MARINA: Faster Non-Convex Distributed Learning with Compression

Authors: Eduard Gorbunov, Konstantin P. Burlachenko, Zhize Li, Peter Richtarik

ICML 2021 | Conference PDF | Archive PDF | Plain Text | LLM Run Details

Reproducibility Variable Result LLM Response
Research Type Experimental We conduct several numerical experiments to justify the theoretical claims of the paper.
Researcher Affiliation Collaboration 1Moscow Institute of Physics and Technology, Moscow, Russia 2Yandex, Moscow, Russia 3King Abdullah University of Science and Technology, Thuwal, Saudi Arabia.
Pseudocode Yes Algorithm 1 MARINA
Open Source Code Yes Our code is available at https://github.com/burlachenkok/marina.
Open Datasets Yes binary classification problem involving non-convex loss (11) with Lib SVM data (Chang & Lin, 2011)... training Res Net-18 (He et al., 2016) at CIFAR100 (Krizhevsky et al., 2009) dataset.
Dataset Splits No The paper mentions using specific datasets but does not provide explicit train/validation/test splits, percentages, or sample counts for reproducibility.
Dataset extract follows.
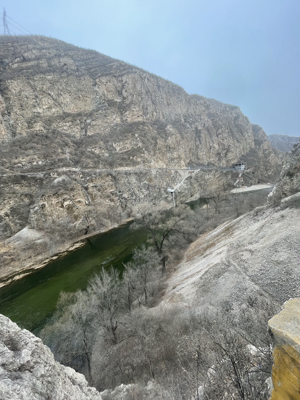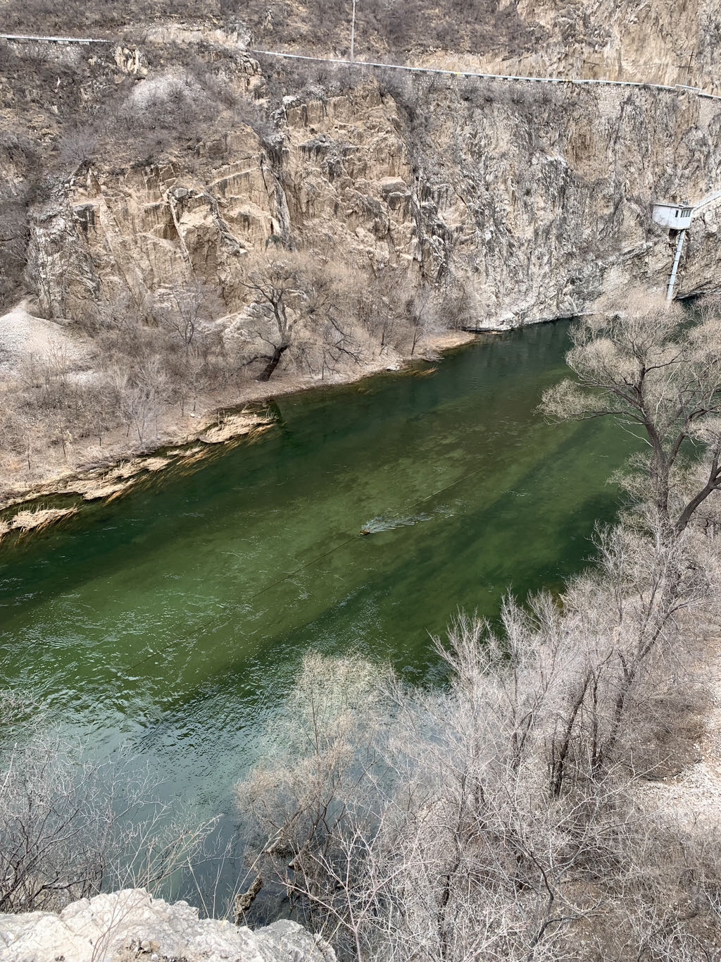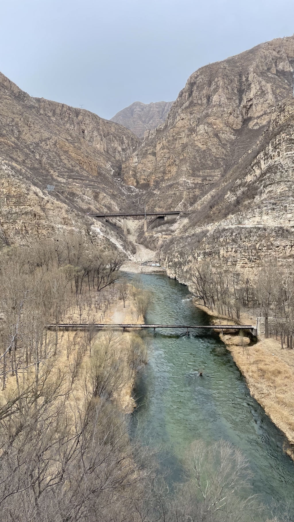 永定河像一条苍龙,冲入群山,这里才是真正的大江峡谷,河谷两侧山崖壁立,山体由石灰岩构成,深度风化,两岸山色干枯,植被稀疏,但是风景一样壮丽.幽州大峡谷是和白河峡谷并称的北京著名的峡谷景观带.

Standard splits might be implied for well-known datasets, but they are not stated.
Hardware Specification No The paper states 'The distributed environment is simulated' but does not provide any specific hardware details such as GPU/CPU models or memory specifications used for these simulations.
Software Dependencies Yes The distributed environment is simulated in Python 3.8 using MPI4PY and other standard libraries... The code is wrtitten in Python 3.9 using Py Torch 1.7
Experiment Setup Yes Stepsizes for the methods are chosen according to the theory and the batchsizes for VR-MARINA and VR-DIANA are m/100... In all cases, we used the Rand K sparsification operator with K {1, 5, 10}... Number of workers equals 5. Stepsizes for the methods were tuned and the batchsizes are m/50.